Subject: The ABINIT Users Mailing List ( CLOSED )

List archive

Re: [abinit-forum] v.5.3.x is slower than v.5.2.x ?!


Chronological Thread 
  • From: Masayoshi Mikami <mmikami@rc.m-kagaku.co.jp>
  • To: forum@abinit.org
  • Subject: Re: [abinit-forum] v.5.3.x is slower than v.5.2.x ?!
  • Date: Mon, 7 May 2007 15:59:08 +0900

Dear all,

I was away from office, so my reply was later than expected...
I am going to report the two things:
- put useylm=1 in your input and see if Ylm version of nonlop has the same behaviour as Legendre polynomials one.
- try to follow the changes by testing v5.2.3, v5.2.4, v5.3.0, v5.3.2 and v5.3.4...
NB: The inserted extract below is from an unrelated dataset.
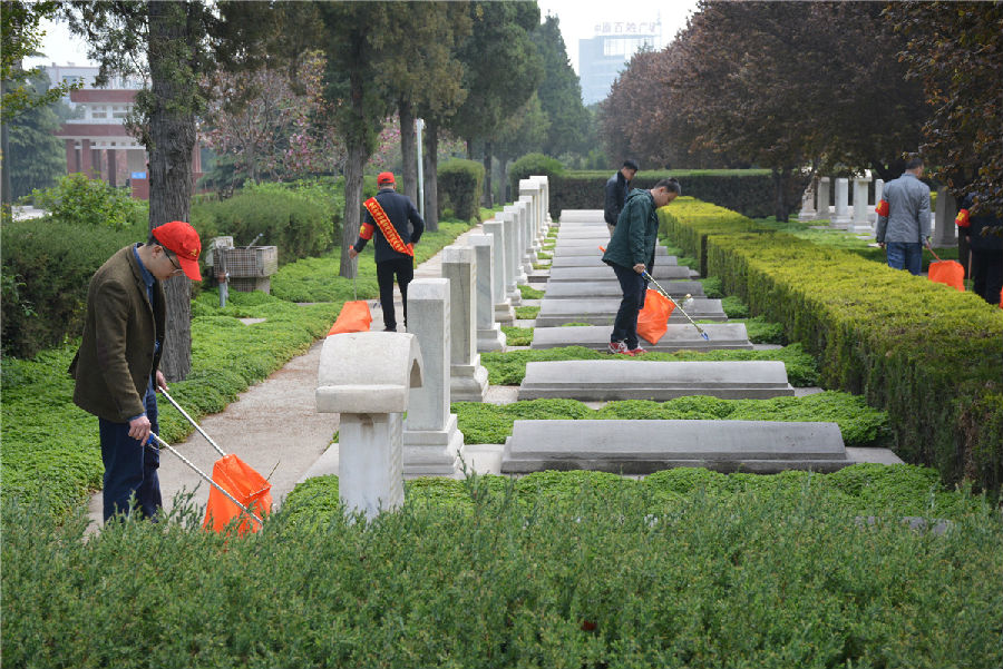 三、開展“倡議文明緬懷,減少廢棄污染”拾撿垃圾志愿服務(wù)活動(dòng)。緬懷先烈活動(dòng)結(jié)束后,市建投公司志愿者們在烈士陵園內(nèi)開展“倡議文明緬懷,減少廢棄污染”拾撿垃圾志愿服務(wù)活動(dòng)。每位志愿者都手持垃圾鉗,認(rèn)真將散落在紀(jì)念碑前以及隱藏在雜草中的廢棄鮮花、飲料瓶、紙張等垃圾拾撿起來放入提前準(zhǔn)備好的垃圾袋中?;顒?dòng)持續(xù)一個(gè)小時(shí),志愿者們在祭奠先烈的同時(shí)以自己的實(shí)際行動(dòng)表達(dá)崇敬之情,并倡導(dǎo)以獻(xiàn)一束花、敬一杯酒、植一棵樹、清掃墓碑等方式寄托哀思,將祭拜逝者的傳統(tǒng)習(xí)俗以更加環(huán)保、健康、安全、文明的方式表達(dá),營造文明祭祀的良好氛圍。

(1) with/without "useylm 1" for v.5.3.4
No effective... (even slower with useylm 1). diff "without" and "with" :
< Total energy(eV)= -8.52960977840336E+03 ; Band energy (Ha)= -2.0397416022E+01
---
> Total energy(eV)= -8.52960977840312E+03 ; Band energy (Ha)= -2.0397416022E+01
(snip)
< - Total cpu time (s,m,h): 73885.9 1231.43 20.524
< - Total wall clock time (s,m,h): 73885.9 1231.43 20.524
---
> - Total cpu time (s,m,h): -121662.4 -2027.71 -33.795
> - Total wall clock time (s,m,h): 93085.6 1551.43 25.857
(snip)
1168,1174c1170,1176
< - nonlop(apply) 51494.610 69.7 51494.717 69.7 22079
< - nonlop(forces) 10453.660 14.1 10453.713 14.1 3264
< - projbd 5534.380 7.5 5534.500 7.5 36206
< - fourwf(pot) 3041.498 4.1 3041.495 4.1 22079
< - nonlop(forstr) 1271.925 1.7 1271.934 1.7 272
< - vtowfk(ssdiag) 779.864 1.1 779.856 1.1 -1
< - 60 others 588.176 0.8 587.959 0.8
---
> - nonlop(forces) 11423.508 -9.4 11423.488 12.3 3264
> - projbd 5688.608 -4.7 5688.702 6.1 36206
> - fourwf(pot) 3073.283 -2.5 3073.392 3.3 22079
> - nonlop(forstr) 2151.584 -1.8 2151.586 2.3 272
> - vtowfk(ssdiag) 801.072 -0.7 801.067 0.9 -1
> - nonlop(apply) -146198.784 120.2 68549.316 73.6 22079
> - 60 others 649.352 -0.5 649.152 0.7
1176c1178
< - subtotal 73164.113 99.0 73164.174 99.0
---
> - subtotal -122411.377 100.6 92336.703 99.2

Please do not get stunned with the negative CPU time.
(Maybe some parameters get over the limitation of the range... ?)
We should see the wall time in this output.

"useylm 1" apparently needs more memory ...
< P This job should need less than 565.407 Mbytes of memory.
---
> P This job should need less than 633.511 Mbytes of memory.

(2) esting v5.2.3, v5.2.4, v5.3.0, v5.3.2 and v5.3.4...
I have noticed that the big CPU time difference between v.5.2.3 and v. 5.2.4 !
(please let me correct my former comment, pardon !)

The summary is like this:
v.5.2.3:- Total wall clock time (s,m,h): 5824.1 97.07 1.618
v.5.2.4:- Total wall clock time (s,m,h): 12559.0 209.32 3.489
v.5.3.0:- Total wall clock time (s,m,h): 13056.1 217.60 3.627
v.5.3.2:- Total wall clock time (s,m,h): 74086.2 1234.77 20.580
v.5.3.3:- Total wall clock time (s,m,h): 74144.5 1235.74 20.596
v.5.3.4:- Total wall clock time (s,m,h): 74040.8 1234.01 20.567

(NB: To test this, I recompiled all the binaries on Itanium2/Linux (2.4.24)
with ifort 8.1 (l_fc_pc_8.1.019). All the tests run with "abinis".)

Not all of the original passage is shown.